[Your objective] Transcribe, with complete accuracy, all of the entries below except for the pictures.

*** Opening of The data ***

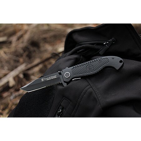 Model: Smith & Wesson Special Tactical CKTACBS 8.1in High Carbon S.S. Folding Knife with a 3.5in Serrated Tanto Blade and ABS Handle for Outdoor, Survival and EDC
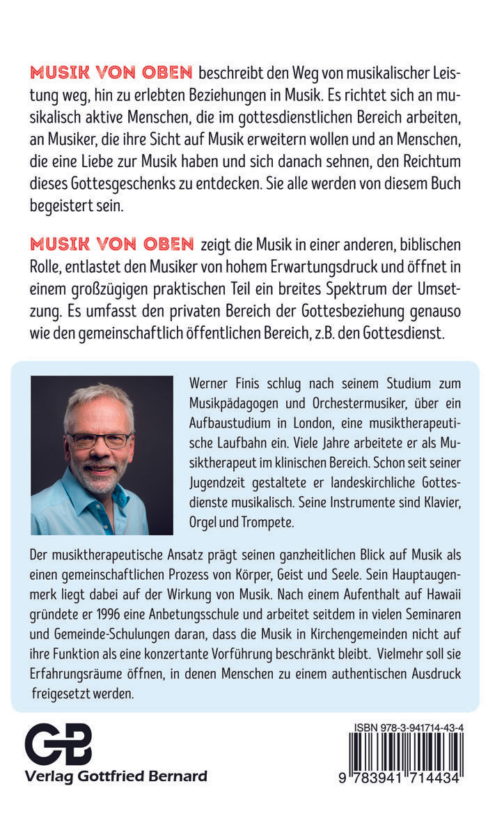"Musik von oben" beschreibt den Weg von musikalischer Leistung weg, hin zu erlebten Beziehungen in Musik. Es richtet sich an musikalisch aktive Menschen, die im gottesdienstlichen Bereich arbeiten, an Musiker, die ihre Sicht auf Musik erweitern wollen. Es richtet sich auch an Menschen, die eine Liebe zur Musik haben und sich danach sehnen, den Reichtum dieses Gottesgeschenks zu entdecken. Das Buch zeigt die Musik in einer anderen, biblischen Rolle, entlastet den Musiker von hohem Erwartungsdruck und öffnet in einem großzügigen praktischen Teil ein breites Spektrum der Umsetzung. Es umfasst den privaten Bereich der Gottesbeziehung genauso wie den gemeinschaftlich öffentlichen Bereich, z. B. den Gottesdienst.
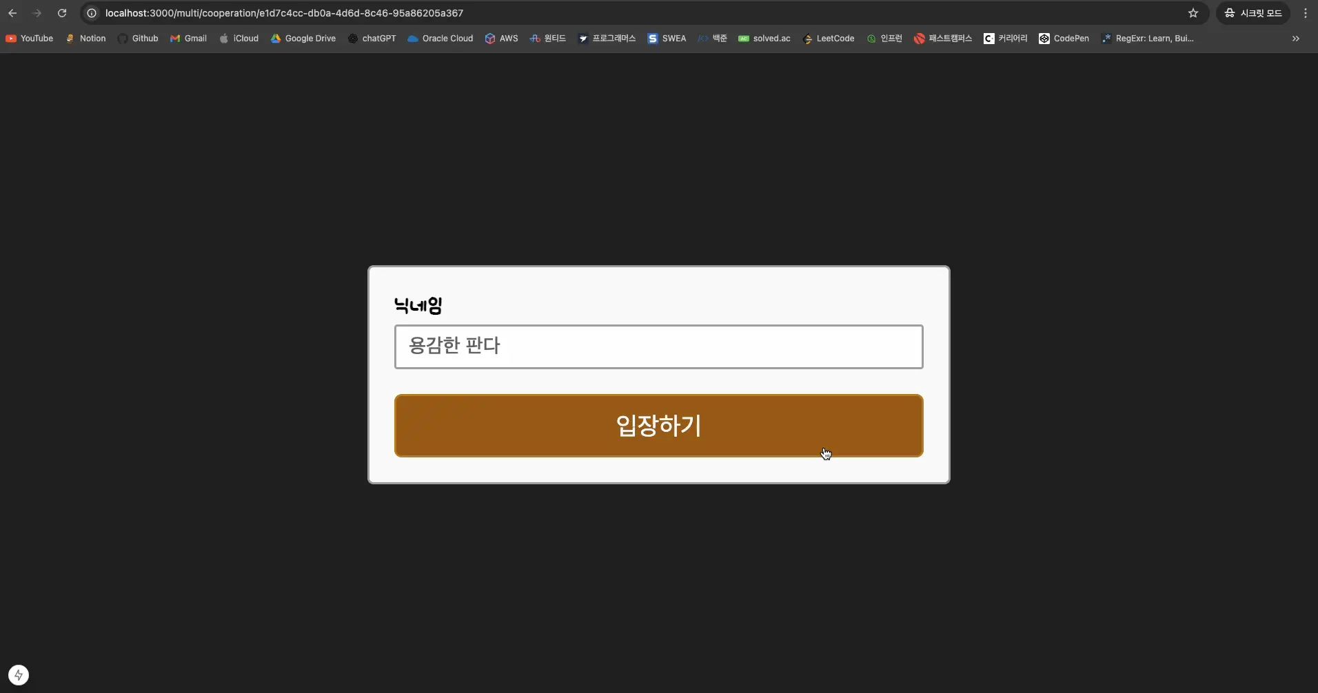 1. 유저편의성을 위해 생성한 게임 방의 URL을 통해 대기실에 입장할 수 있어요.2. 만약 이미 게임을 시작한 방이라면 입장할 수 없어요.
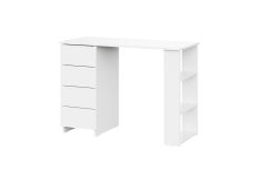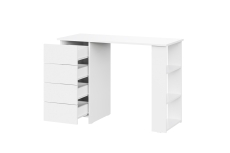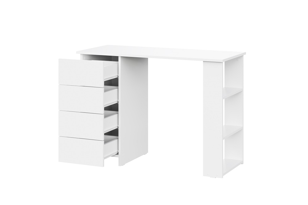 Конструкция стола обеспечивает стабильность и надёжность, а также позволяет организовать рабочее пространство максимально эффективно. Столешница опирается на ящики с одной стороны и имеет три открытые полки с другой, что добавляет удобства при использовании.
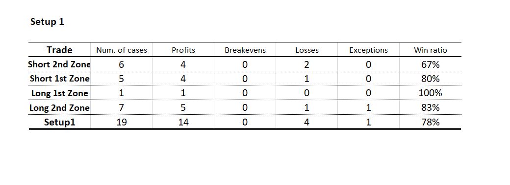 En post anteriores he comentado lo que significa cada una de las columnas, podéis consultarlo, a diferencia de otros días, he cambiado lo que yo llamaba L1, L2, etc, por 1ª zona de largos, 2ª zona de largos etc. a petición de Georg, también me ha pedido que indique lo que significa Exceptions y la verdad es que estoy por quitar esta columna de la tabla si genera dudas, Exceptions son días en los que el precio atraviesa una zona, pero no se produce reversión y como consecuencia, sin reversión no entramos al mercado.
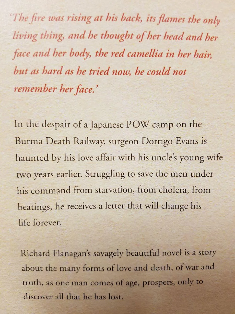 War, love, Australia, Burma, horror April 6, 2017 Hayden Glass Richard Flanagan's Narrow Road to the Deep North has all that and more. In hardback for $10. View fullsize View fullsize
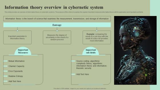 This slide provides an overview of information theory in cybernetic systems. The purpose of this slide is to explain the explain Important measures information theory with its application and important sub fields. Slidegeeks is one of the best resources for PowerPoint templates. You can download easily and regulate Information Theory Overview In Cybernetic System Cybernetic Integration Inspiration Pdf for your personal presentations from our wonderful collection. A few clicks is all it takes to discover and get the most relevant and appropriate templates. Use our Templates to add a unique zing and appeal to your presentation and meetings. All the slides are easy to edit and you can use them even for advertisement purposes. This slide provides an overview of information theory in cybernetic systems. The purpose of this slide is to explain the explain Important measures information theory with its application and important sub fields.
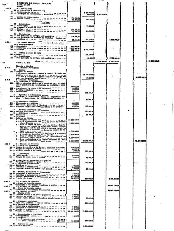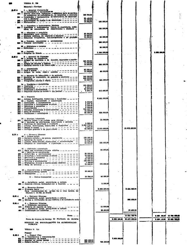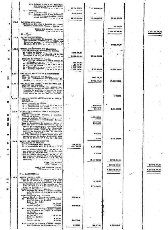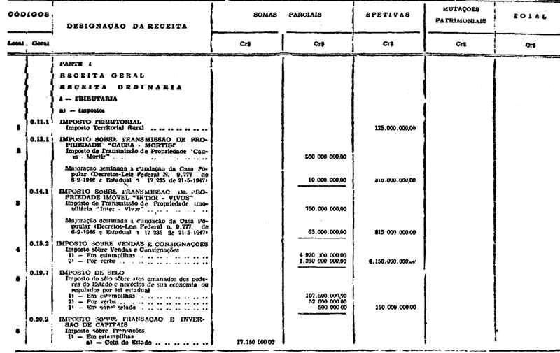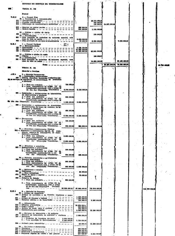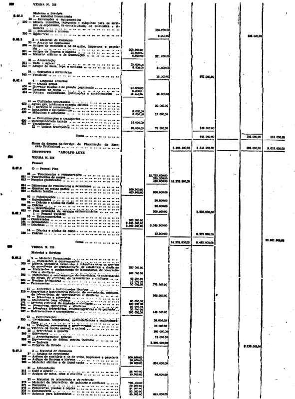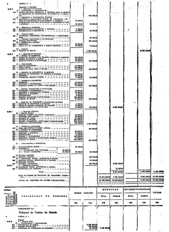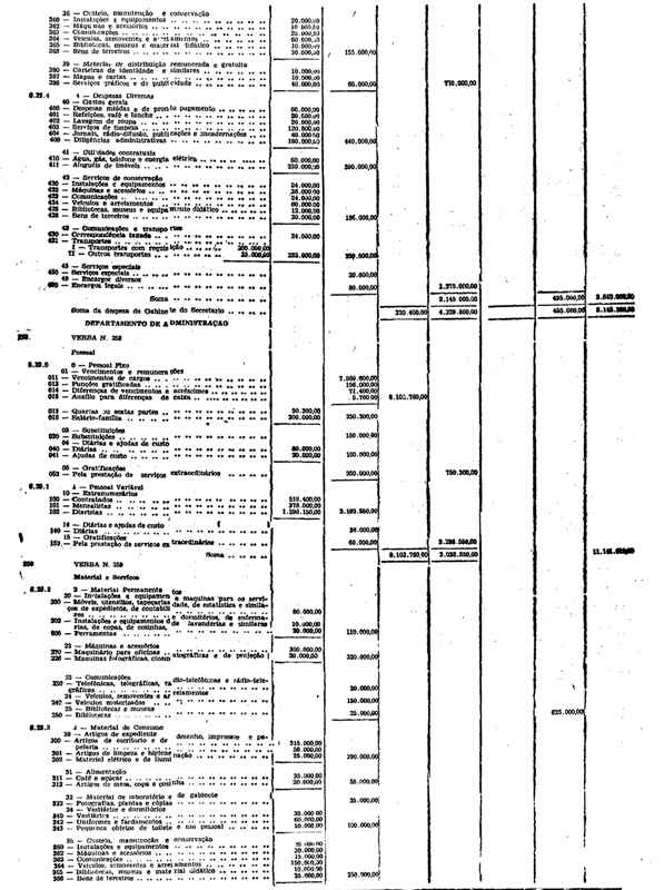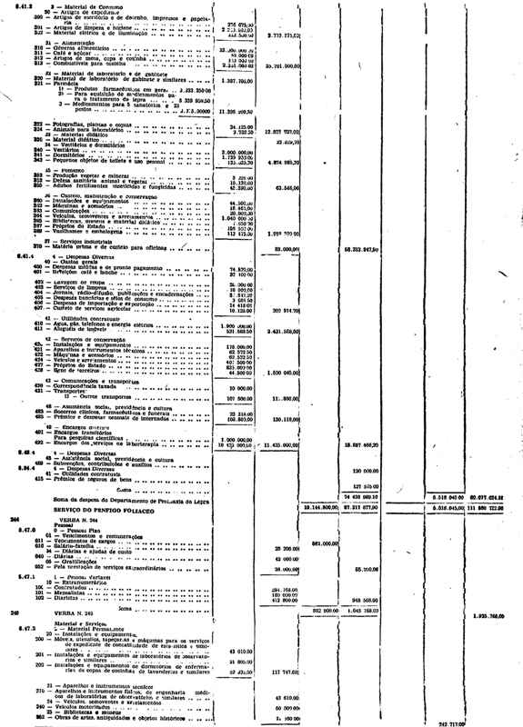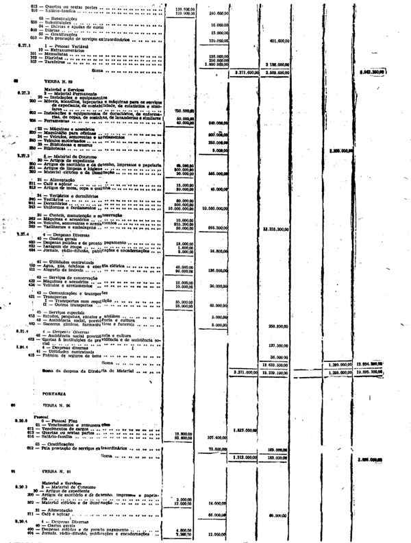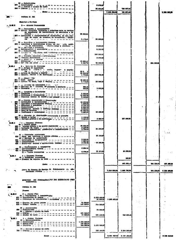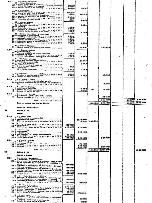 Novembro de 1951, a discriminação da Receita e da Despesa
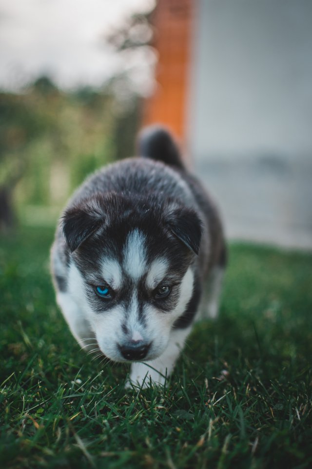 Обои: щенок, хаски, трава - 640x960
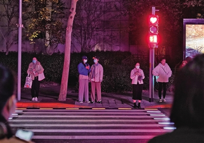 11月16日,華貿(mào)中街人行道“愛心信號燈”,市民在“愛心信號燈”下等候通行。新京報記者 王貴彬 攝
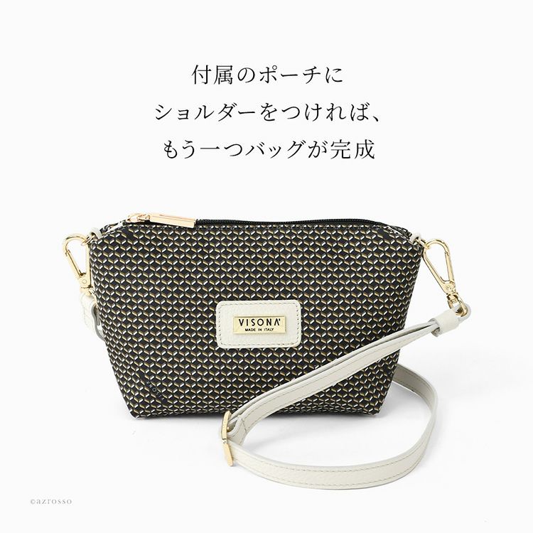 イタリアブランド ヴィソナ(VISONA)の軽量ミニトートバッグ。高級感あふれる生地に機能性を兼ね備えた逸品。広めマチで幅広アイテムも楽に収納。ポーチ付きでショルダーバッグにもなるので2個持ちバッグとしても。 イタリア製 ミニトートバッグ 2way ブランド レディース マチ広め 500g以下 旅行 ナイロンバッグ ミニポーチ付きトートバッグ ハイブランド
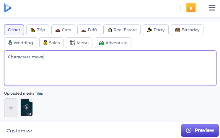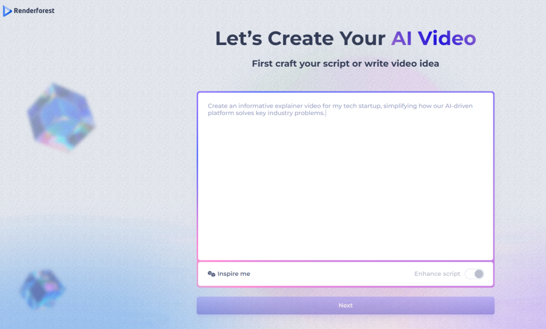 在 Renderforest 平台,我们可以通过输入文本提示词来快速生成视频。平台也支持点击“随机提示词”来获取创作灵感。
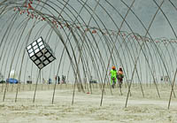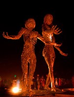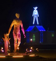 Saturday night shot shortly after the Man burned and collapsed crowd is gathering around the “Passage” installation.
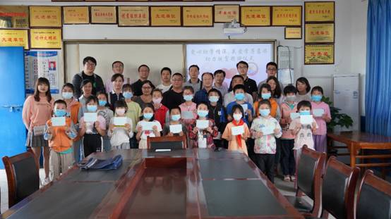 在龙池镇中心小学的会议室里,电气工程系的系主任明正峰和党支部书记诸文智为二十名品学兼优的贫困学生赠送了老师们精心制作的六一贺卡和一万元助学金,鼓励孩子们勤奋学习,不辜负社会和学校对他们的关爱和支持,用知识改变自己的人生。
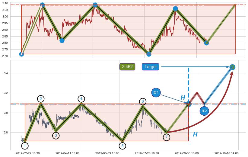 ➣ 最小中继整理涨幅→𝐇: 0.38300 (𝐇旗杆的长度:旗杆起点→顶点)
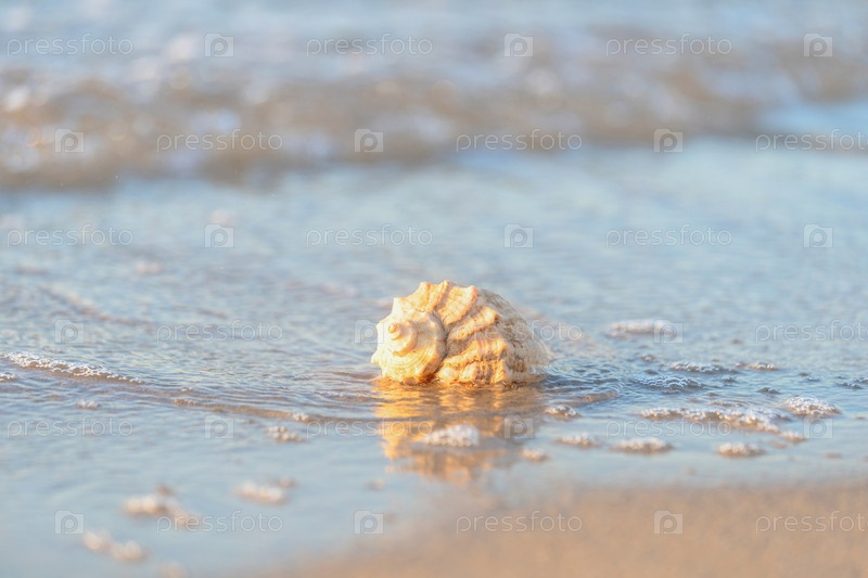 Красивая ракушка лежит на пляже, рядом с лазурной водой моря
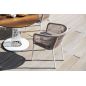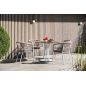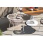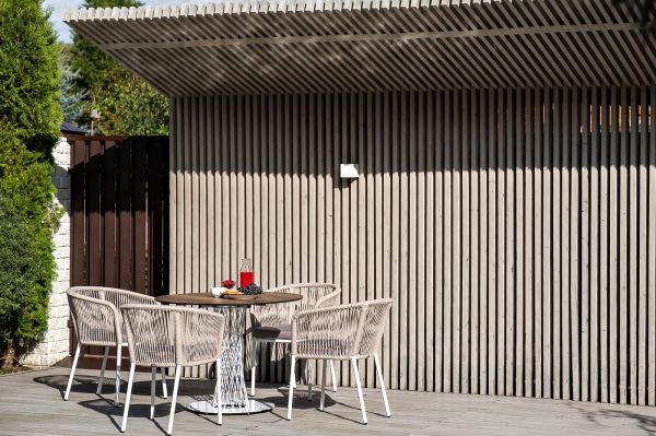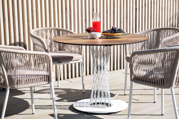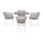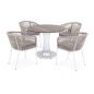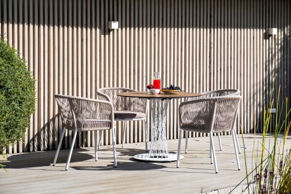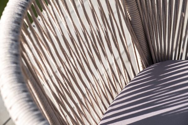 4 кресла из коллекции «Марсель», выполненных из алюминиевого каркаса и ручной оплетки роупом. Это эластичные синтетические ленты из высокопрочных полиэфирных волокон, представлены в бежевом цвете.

*** Close of The data ***

[Output below]
 Model: Smith & Wesson Special Tactical CKTACBS 8.1in High Carbon S.S. Folding Knife with a 3.5in Serrated Tanto Blade and ABS Handle for Outdoor, Survival and EDC
"Musik von oben" beschreibt den Weg von musikalischer Leistung weg, hin zu erlebten Beziehungen in Musik. Es richtet sich an musikalisch aktive Menschen, die im gottesdienstlichen Bereich arbeiten, an Musiker, die ihre Sicht auf Musik erweitern wollen. Es richtet sich auch an Menschen, die eine Liebe zur Musik haben und sich danach sehnen, den Reichtum dieses Gottesgeschenks zu entdecken. Das Buch zeigt die Musik in einer anderen, biblischen Rolle, entlastet den Musiker von hohem Erwartungsdruck und öffnet in einem großzügigen praktischen Teil ein breites Spektrum der Umsetzung. Es umfasst den privaten Bereich der Gottesbeziehung genauso wie den gemeinschaftlich öffentlichen Bereich, z. B. den Gottesdienst.
 1. 유저편의성을 위해 생성한 게임 방의 URL을 통해 대기실에 입장할 수 있어요.2. 만약 이미 게임을 시작한 방이라면 입장할 수 없어요.
 Конструкция стола обеспечивает стабильность и надёжность, а также позволяет организовать рабочее пространство максимально эффективно. Столешница опирается на ящики с одной стороны и имеет три открытые полки с другой, что добавляет удобства при использовании.
 En post anteriores he comentado lo que significa cada una de las columnas, podéis consultarlo, a diferencia de otros días, he cambiado lo que yo llamaba L1, L2, etc, por 1ª zona de largos, 2ª zona de largos etc. a petición de Georg, también me ha pedido que indique lo que significa Exceptions y la verdad es que estoy por quitar esta columna de la tabla si genera dudas, Exceptions son días en los que el precio atraviesa una zona, pero no se produce reversión y como consecuencia, sin reversión no entramos al mercado.
 War, love, Australia, Burma, horror April 6, 2017 Hayden Glass Richard Flanagan's Narrow Road to the Deep North has all that and more. In hardback for $10. View fullsize View fullsize
 This slide provides an overview of information theory in cybernetic systems. The purpose of this slide is to explain the explain Important measures information theory with its application and important sub fields. Slidegeeks is one of the best resources for PowerPoint templates. You can download easily and regulate Information Theory Overview In Cybernetic System Cybernetic Integration Inspiration Pdf for your personal presentations from our wonderful collection. A few clicks is all it takes to discover and get the most relevant and appropriate templates. Use our Templates to add a unique zing and appeal to your presentation and meetings. All the slides are easy to edit and you can use them even for advertisement purposes. This slide provides an overview of information theory in cybernetic systems. The purpose of this slide is to explain the explain Important measures information theory with its application and important sub fields.
 Novembro de 1951, a discriminação da Receita e da Despesa
 Обои: щенок, хаски, трава - 640x960
 11月16日,華貿(mào)中街人行道“愛心信號燈”,市民在“愛心信號燈”下等候通行。新京報記者 王貴彬 攝
 イタリアブランド ヴィソナ(VISONA)の軽量ミニトートバッグ。高級感あふれる生地に機能性を兼ね備えた逸品。広めマチで幅広アイテムも楽に収納。ポーチ付きでショルダーバッグにもなるので2個持ちバッグとしても。 イタリア製 ミニトートバッグ 2way ブランド レディース マチ広め 500g以下 旅行 ナイロンバッグ ミニポーチ付きトートバッグ ハイブランド
 在 Renderforest 平台,我们可以通过输入文本提示词来快速生成视频。平台也支持点击“随机提示词”来获取创作灵感。
 Saturday night shot shortly after the Man burned and collapsed crowd is gathering around the “Passage” installation.
 在龙池镇中心小学的会议室里,电气工程系的系主任明正峰和党支部书记诸文智为二十名品学兼优的贫困学生赠送了老师们精心制作的六一贺卡和一万元助学金,鼓励孩子们勤奋学习,不辜负社会和学校对他们的关爱和支持,用知识改变自己的人生。
 ➣ 最小中继整理涨幅→𝐇: 0.38300 (𝐇旗杆的长度:旗杆起点→顶点)
 Красивая ракушка лежит на пляже, рядом с лазурной водой моря
 4 кресла из коллекции «Марсель», выполненных из алюминиевого каркаса и ручной оплетки роупом. Это эластичные синтетические ленты из высокопрочных полиэфирных волокон, представлены в бежевом цвете.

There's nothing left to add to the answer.